Opened 13 years ago

Closed 12 years ago

Last modified 12 years ago

#18023 closed Cleanup/optimization (fixed)

Stop bundling simplejson and deprecate the module

Reported by: Alex Ogier Owned by: Aymeric Augustin
Component: Core (Serialization) Version: dev
Severity: Release blocker Keywords:
Cc: Triage Stage: Accepted
Has patch: no Needs documentation: no
Needs tests: no Patch needs improvement: no
Easy pickings: no UI/UX: no

Description

Consensus on the django-dev mailing list seemed to be to stop bundling simplejson, replace it with just a simplejson -> json fallback shim, and issue a PendingDeprecationWarning as of 1.5.

I had to leave the implementation of simplejson in django/utils/simplejson/__init__.py because though it makes much more sense to move to django/utils/simplejson.py like most other utils modules, doing so causes circular self-imports when we try to import simplejson from the system.

Attachments (4)

remove_simplejson.diff (48.3 KB ) - added by Alex Ogier 13 years ago.
remove_simplejson_absolute.diff (48.7 KB ) - added by Alex Ogier 13 years ago.
Alternate patch, uses from __future__ import absolute_import so that we can have a simplejson.py
use_json_over_simplejson.diff (16.2 KB ) - added by Alex Ogier 13 years ago.
simplejson_docs.diff (6.1 KB ) - added by Alex Ogier 13 years ago.

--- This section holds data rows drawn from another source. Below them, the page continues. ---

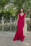 Fitted lace gown with hot stones, and ruffle embellished bodice.
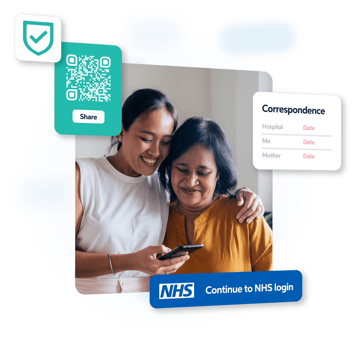 NHS login securely authenticates patient logins for you, while temporary QR codes make it safe and simple for patients and family members to collaborate with clinical teams through shared access.
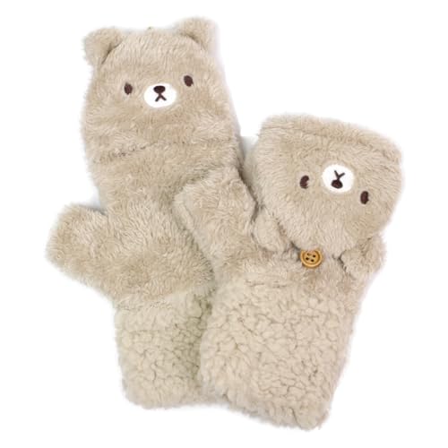 ベージュの くまさんのデザインで、オシャレですミトン型になっていて、指を出すことができて 2 WAY で使えて便利ですふわふわのボアの生地で滑らかで つけ心地がいいです
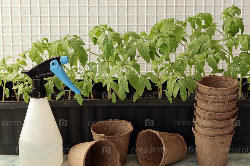 Рассада томатов в пластиковом ящике, торфяные горшочки и опрыскиватель
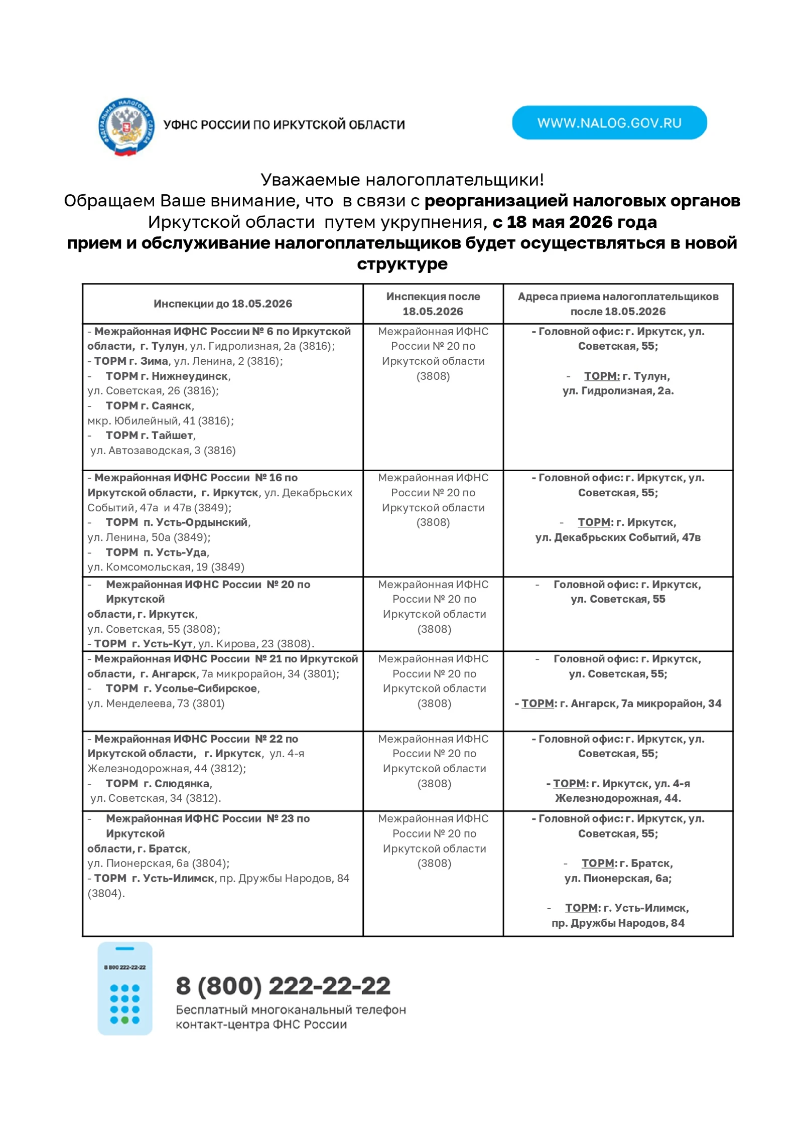 С 18 мая 2026 года прием и обслуживание налогоплательщиков будет осуществляться в новой стpyктype
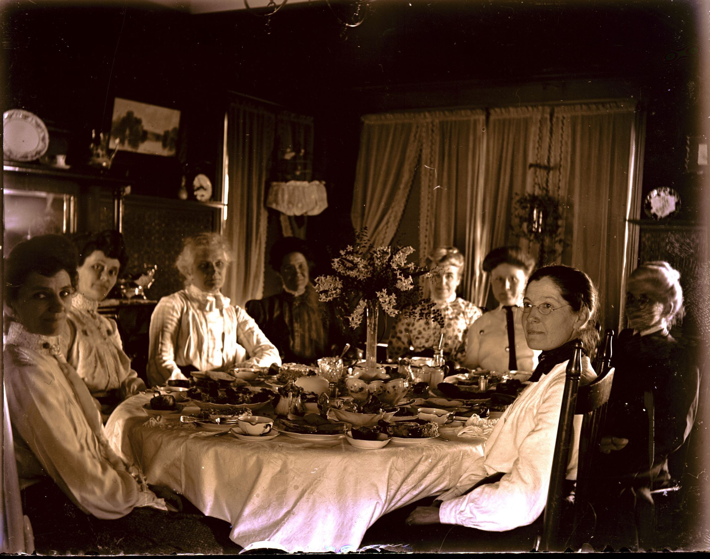 Eight ladies at tea. These appear to be the same ladies as in previous "parlor" photograph. MUS001Collection
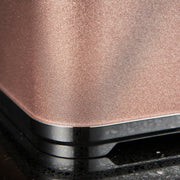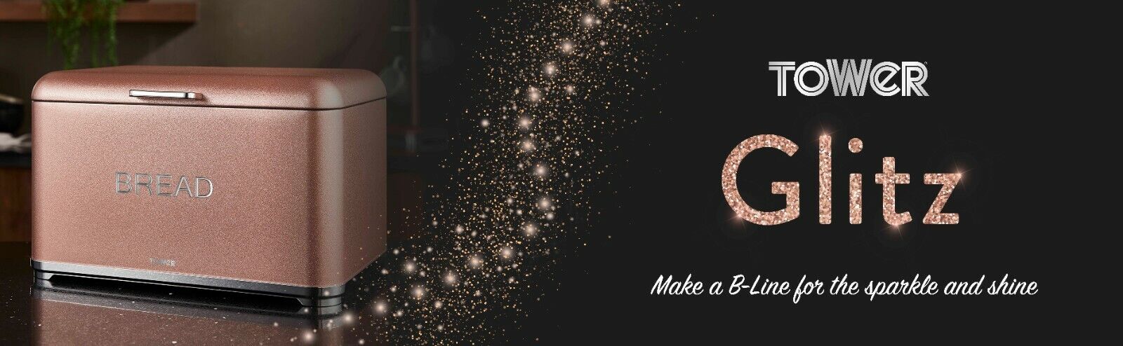 Add some glamour to your kitchen with this stylish blush pink bread bin from the Tower Glitz range. The sparkling glitter like design is complimented by a chrome base and handle, providing a contemporary look and feel that really makes a statement. Its rectangular shape and large capacity provides enough space to fit a wide range of different sized delicious baked goods, including bread, muffins and crumpets, all of which will be neatly stored away and kept fresh. The quality steel body adds an extra level of durability and remains stable on your kitchen countertop. This bread bin is also really easy to clean, requiring just a simple hand wipe so it can maintain the glamorous finish for years to come. It's time to make your kitchen feel fabulous.
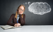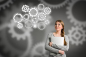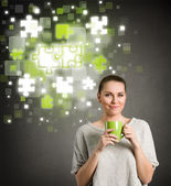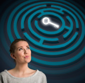 kobieta myśli patrząc na świecące kawałki układanki
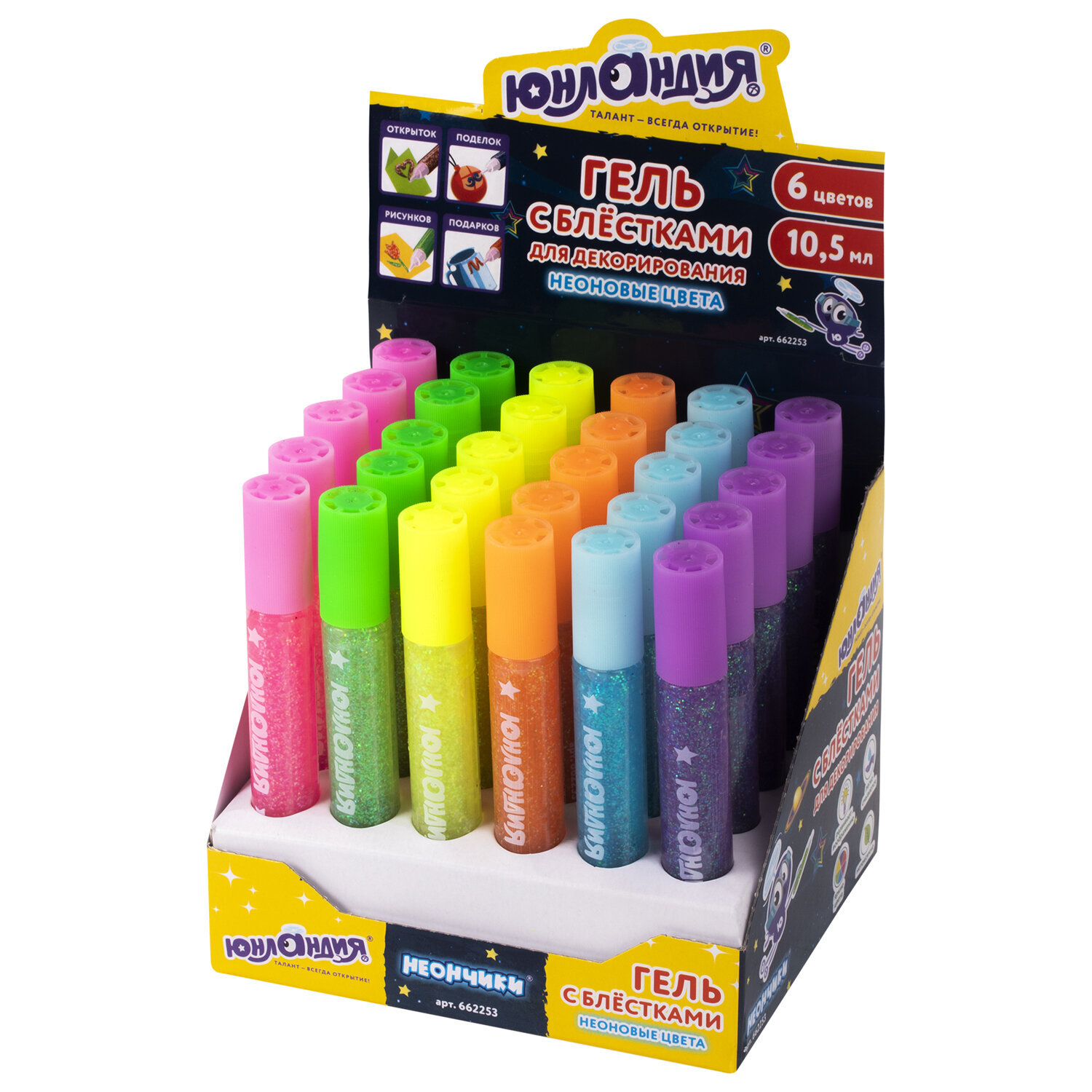 Гель с блестками ЮНЛАНДИЯ "НЕОНЧИКИ", для декора, поделок, DIY, творчества, оформления, 10,5 мл, цвета ассорти, в дисплее Код товара: 662253 22,25 ₽ Купить Производитель:ЮНЛАНДИЯ Гель с блёстками ЮНЛАНДИЯ - это блестящие наборы для творчества и украшения открыток, поделок, рисунков и подарков. Удобный наконечник с дозатором позволяет легко наносить гель на любую поверхность. В наборе содержится 30 туб гель-клея с блёстками объёмом 10,5 мл 6 различных неоновых цветов - розовый, жёлтый, зелёный, оранжевый, голубой, фиолетовый. Удобная упаковка позволяет легко работать с гель-клеем: просто снимите колпачок с тубы, и нанесите гель-клей на изделие через тонкий наконечник. По окончании работы удалите лишний гель с наконечника и плотно закройте колпачок, чтобы предотвратить засыхание геля. После нанесения на поверхность гель высохнет в течение нескольких часов в зависимости от толщины нанесённого слоя, а на поделке останутся искрящиеся блёстки. Гель-клей подходит для использования с различными типами поверхности: бумага, картон, дерево, пенопласт, пластик, стекло, керамика. Гель-клей не токсичен, легко смывается с рук и одежды тёплой водой с мылом.Производство: КитайКоличество цветов в наборе: 6 шт.Тип спецэффекта: блестки, неонСерия: НеончикиЦвет: голубой, желтый, оранжевый, розовый, синий, фиолетовыйОбъем баночки/тубы: 10,5 млУпаковка: картонный дисплейСрок годности: 48 месВес: 18 грРазмер упаковки: 1.4 × 11.1 × 4.9 смОбъём: 0.0001 м3Промежуточная упаковка: 30 штТранспортная упаковка: 480 штШтрих-код: 4606224248653 Файлы Сертификат-1.jpg Сертификат-2.jpg Сертификат-3.jpg Сертификат-4.jpg

Download all attachments as: .zip

Change History (17)

by Alex Ogier, 13 years ago

Attachment: remove_simplejson.diff added

comment:1 by Claude Paroz, 13 years ago

Triage Stage: UnreviewedAccepted

If it doesn't eat too much time, could you also upload the alternate patch which uses simplejson when it is installed?

comment:2 by Alex Ogier, 13 years ago

Sorry I wasn't clear. This patch uses simplejson when it is installed. The only thing it does is stop django from redistributing simplejson, because when we drop 2.5 support in django 1.5 we can depend on there being a json module in the standard library.

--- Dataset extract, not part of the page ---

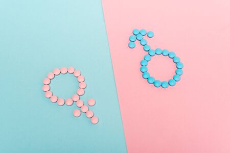 High angle view of female and male signs from hormonal pills on blue and pink background
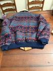 This Aztec bomber jacket is a total vibe! The bold print and sherpa lining make it stylish and cozy. The leather and acrylic fabric feels durable, and the XL fits perfectly. Light wear adds character—such a unique find! Great for making a statement while staying warm. Love it!

comment:3 by Simon Charette, 13 years ago

@ogier about the circular import thing, can't you just use from __future__ import absolute_import?

comment:4 by Preston Holmes, 13 years ago

Needs documentation: set

A couple notes on documenting

Looks like docs will need updating in:

  • topics/class-based-views.txt
  • topics/serialization.txt

Should the warning text endorse the stdlib module, or just suggest you need to use a different json lib?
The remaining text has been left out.